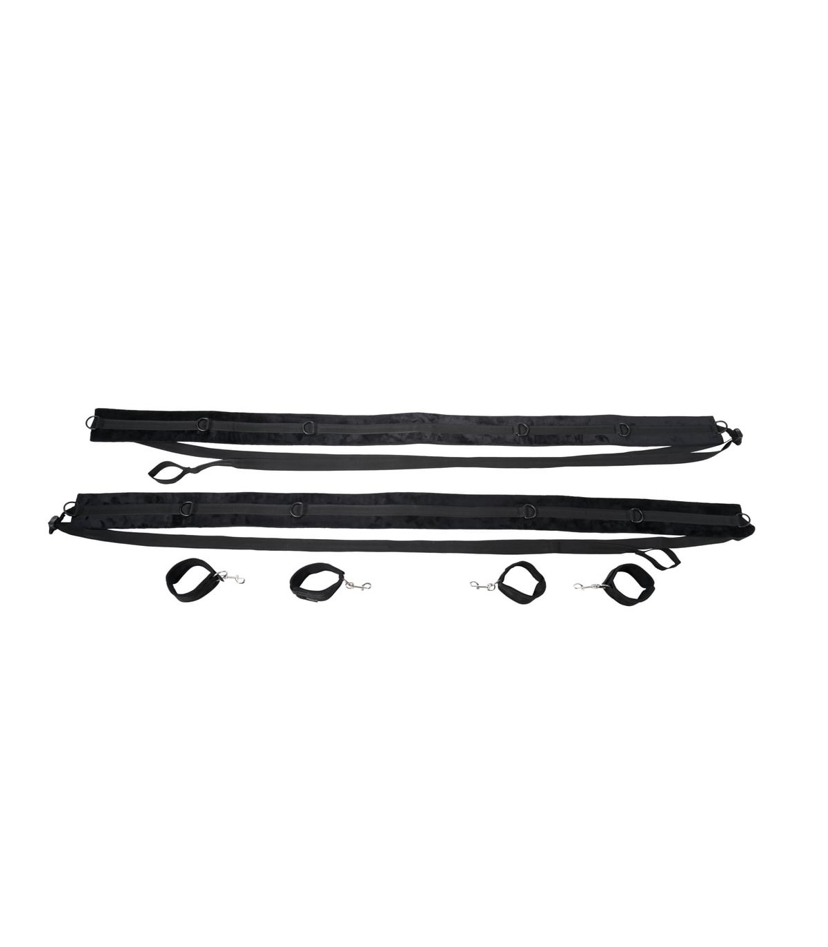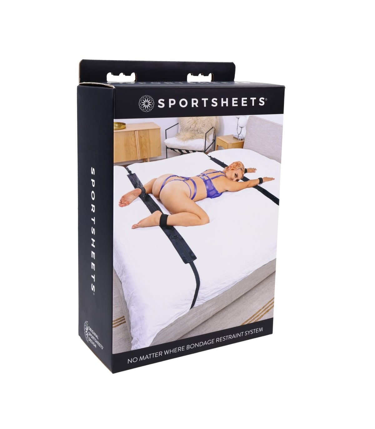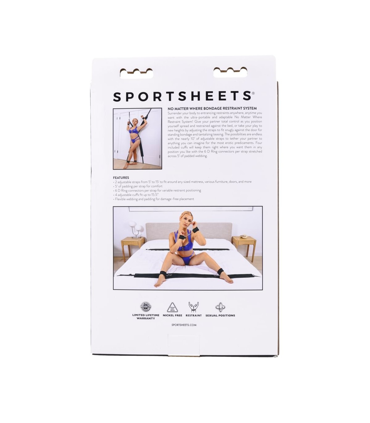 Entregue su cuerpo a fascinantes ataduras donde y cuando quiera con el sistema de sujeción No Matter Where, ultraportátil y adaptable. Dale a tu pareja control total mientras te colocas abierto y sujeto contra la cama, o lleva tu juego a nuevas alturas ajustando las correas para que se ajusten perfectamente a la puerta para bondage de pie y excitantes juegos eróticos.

--

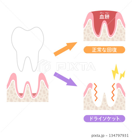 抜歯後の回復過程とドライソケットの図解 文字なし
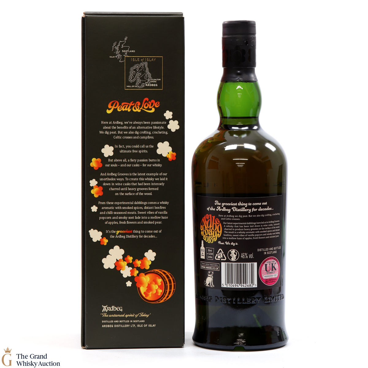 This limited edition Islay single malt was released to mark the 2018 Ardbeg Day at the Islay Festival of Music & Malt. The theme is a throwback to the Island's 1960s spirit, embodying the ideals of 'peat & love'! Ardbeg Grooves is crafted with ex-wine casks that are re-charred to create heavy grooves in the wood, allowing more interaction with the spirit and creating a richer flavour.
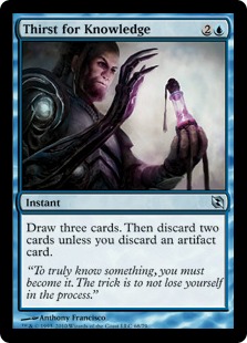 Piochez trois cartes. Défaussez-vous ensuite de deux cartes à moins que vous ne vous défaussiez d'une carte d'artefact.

TASK BRIEF -> How would the lines above read from the one with "抜歯後の回復過程とドライソケットの図解 文字なし" to the one with "Piochez trois cartes.", inclusive, with no pictures? Write them out exactly.

ANSWER TO THE PROBLEM ->
 抜歯後の回復過程とドライソケットの図解 文字なし
 This limited edition Islay single malt was released to mark the 2018 Ardbeg Day at the Islay Festival of Music & Malt. The theme is a throwback to the Island's 1960s spirit, embodying the ideals of 'peat & love'! Ardbeg Grooves is crafted with ex-wine casks that are re-charred to create heavy grooves in the wood, allowing more interaction with the spirit and creating a richer flavour.
 Piochez trois cartes. Défaussez-vous ensuite de deux cartes à moins que vous ne vous défaussiez d'une carte d'artefact.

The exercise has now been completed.